**SUPPLIED DATA**.
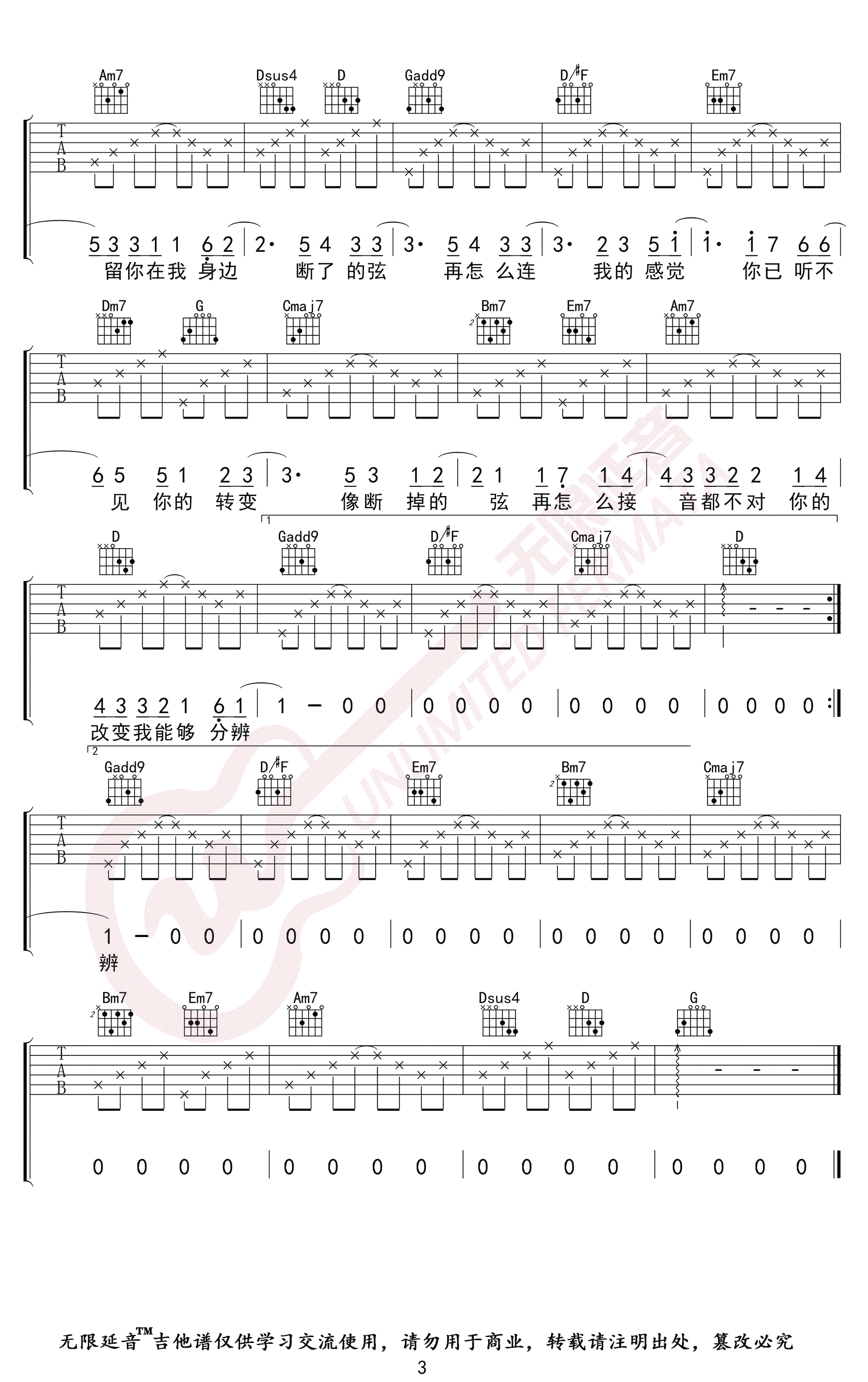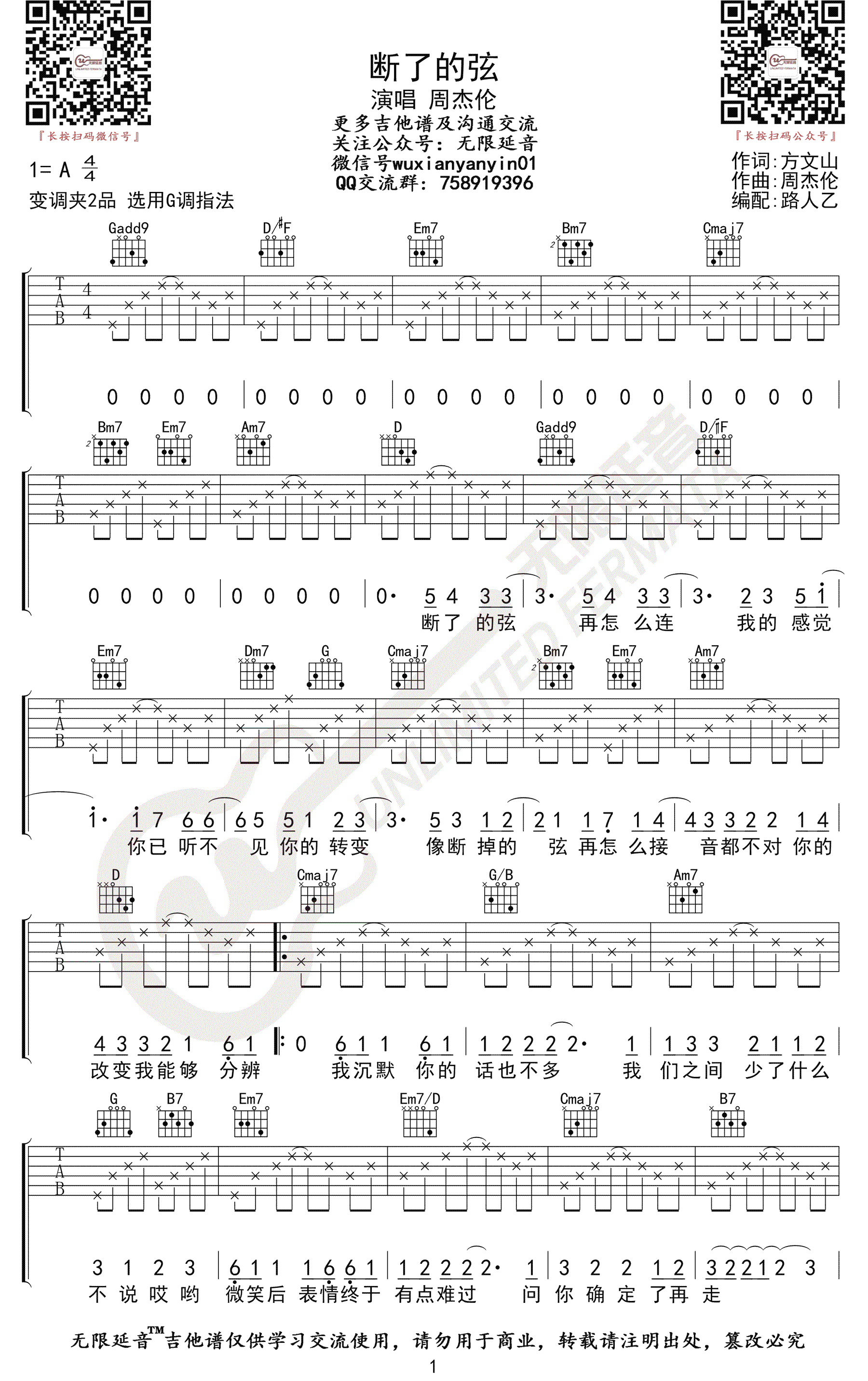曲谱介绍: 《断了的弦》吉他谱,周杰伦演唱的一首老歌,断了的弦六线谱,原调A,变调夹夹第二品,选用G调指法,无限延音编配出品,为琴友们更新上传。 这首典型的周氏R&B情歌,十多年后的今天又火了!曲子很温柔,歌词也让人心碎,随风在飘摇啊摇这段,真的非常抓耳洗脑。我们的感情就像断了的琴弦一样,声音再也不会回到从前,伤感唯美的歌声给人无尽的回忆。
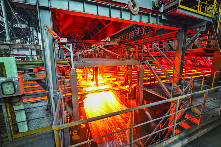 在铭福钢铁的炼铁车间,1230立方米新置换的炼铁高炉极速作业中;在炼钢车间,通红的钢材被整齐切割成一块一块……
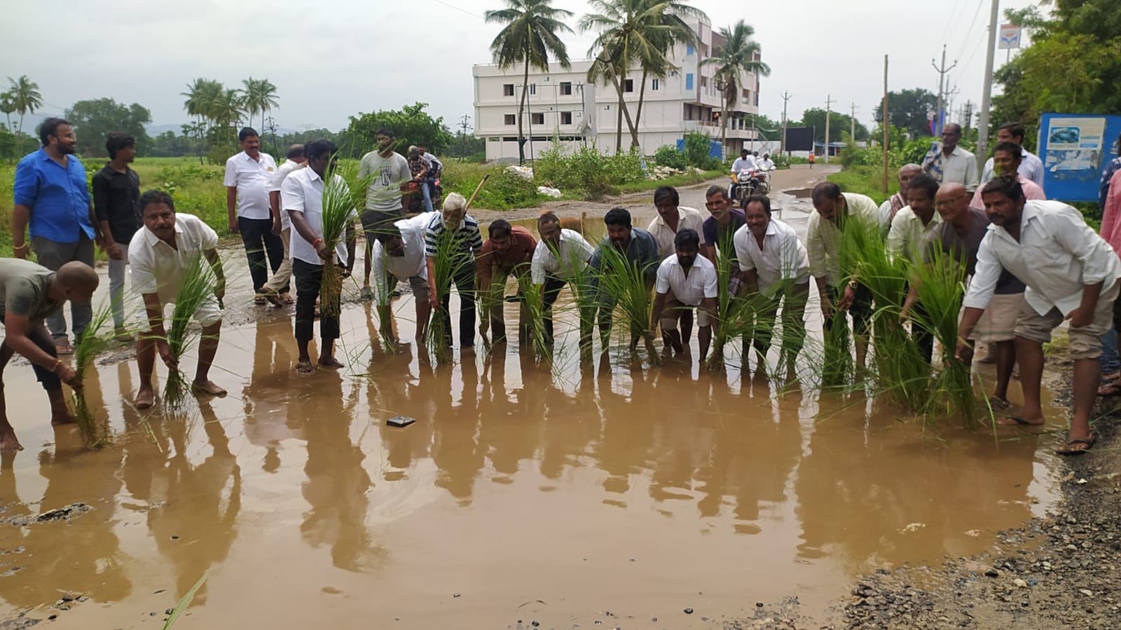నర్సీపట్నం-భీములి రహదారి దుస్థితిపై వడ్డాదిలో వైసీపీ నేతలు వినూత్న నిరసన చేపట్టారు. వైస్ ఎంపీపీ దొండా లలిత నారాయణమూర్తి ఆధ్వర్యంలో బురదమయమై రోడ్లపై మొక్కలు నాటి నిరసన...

**EXERCISE INSTRUCTIONS**.
Write the material above out again exactly as it reads, but don't carry over the pictures.

**RESPONSE AREA**.
曲谱介绍: 《断了的弦》吉他谱,周杰伦演唱的一首老歌,断了的弦六线谱,原调A,变调夹夹第二品,选用G调指法,无限延音编配出品,为琴友们更新上传。 这首典型的周氏R&B情歌,十多年后的今天又火了!曲子很温柔,歌词也让人心碎,随风在飘摇啊摇这段,真的非常抓耳洗脑。我们的感情就像断了的琴弦一样,声音再也不会回到从前,伤感唯美的歌声给人无尽的回忆。
 在铭福钢铁的炼铁车间,1230立方米新置换的炼铁高炉极速作业中;在炼钢车间,通红的钢材被整齐切割成一块一块……
నర్సీపట్నం-భీములి రహదారి దుస్థితిపై వడ్డాదిలో వైసీపీ నేతలు వినూత్న నిరసన చేపట్టారు. వైస్ ఎంపీపీ దొండా లలిత నారాయణమూర్తి ఆధ్వర్యంలో బురదమయమై రోడ్లపై మొక్కలు నాటి నిరసన...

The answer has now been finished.